When he the Thames, the Danube, and the Nile,
Had stain'd with blood, Peace flourish'd in this isle;
And you alone may boast you never saw

Cæsar till now, and now can give him law,"

According to the stage directions, after the first act the King, Ptolemy, and Photinus should be discovered sitting and hearkening to a song, at the conclusion of which an antic dance of gipsies was presented; the second act was followed by another song, and chorus, by two Egyptian priests; after the third act, "to Cornelia asleep on a couch," Pompey's ghost sang eleven verses in recitative, succeeded by a military dance; at the end of the fourth act Cleopatra sat hearkening to a song of seven stanzas; on the conclusion of the fifth act the two Egyptian priests again appeared, and sang ten strophes, after which a grand masque was danced before Cæsar and Cleopatra. The epilogue, written by Sir Edward Dearing, concluded with the following lines, addressed to the audience :

"The sad Cornelia says, your gentler breath

Will force a smile, ev'n after Pompey's death;
She thought all passions buried in his urn,
But flattering hopes and trembling fears return.
Undone in Egypt, Thessaly, and Rome,
She yet in Ireland hopes a milder doom:
Nor from Iberian shores or Lybian sands,
Expects relief, but only from your hands.
Ev'n Cleopatra not content to have
The Universe, and Cæsar, too, her slave,

Forbears her throne, till you her right allow,—

'Tis less t' have rul'd the world, than pleas'd you."

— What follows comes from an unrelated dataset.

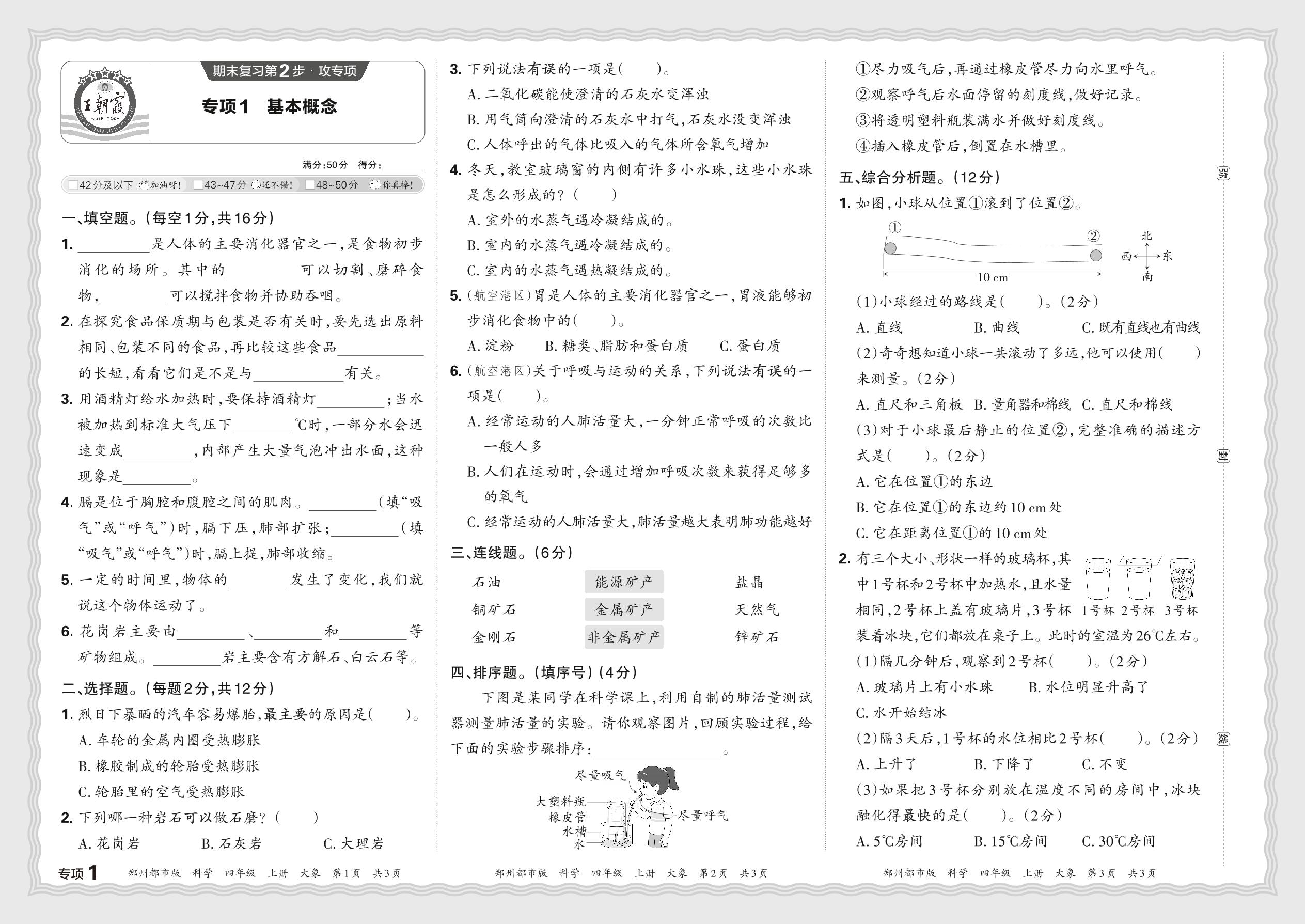 四年级科学大象版上册专项卷

The masque, dances, and tunes performed between the acts were composed by Ogilby, and the songs, written by

Mrs. Philips, appear to have been partly sung by the choristers of the adjacent cathedral, as, among the unpublished records of the Chapter of Christ Church, we find the following entry: “1662, Feb. 22. Mr. Lee, one of the stipendiarii of this church, having sung amongst the stage-players in the Play-house, to the dishonor of God's service and disgrace to the members and ministers of this church, is admonished that he do so no more."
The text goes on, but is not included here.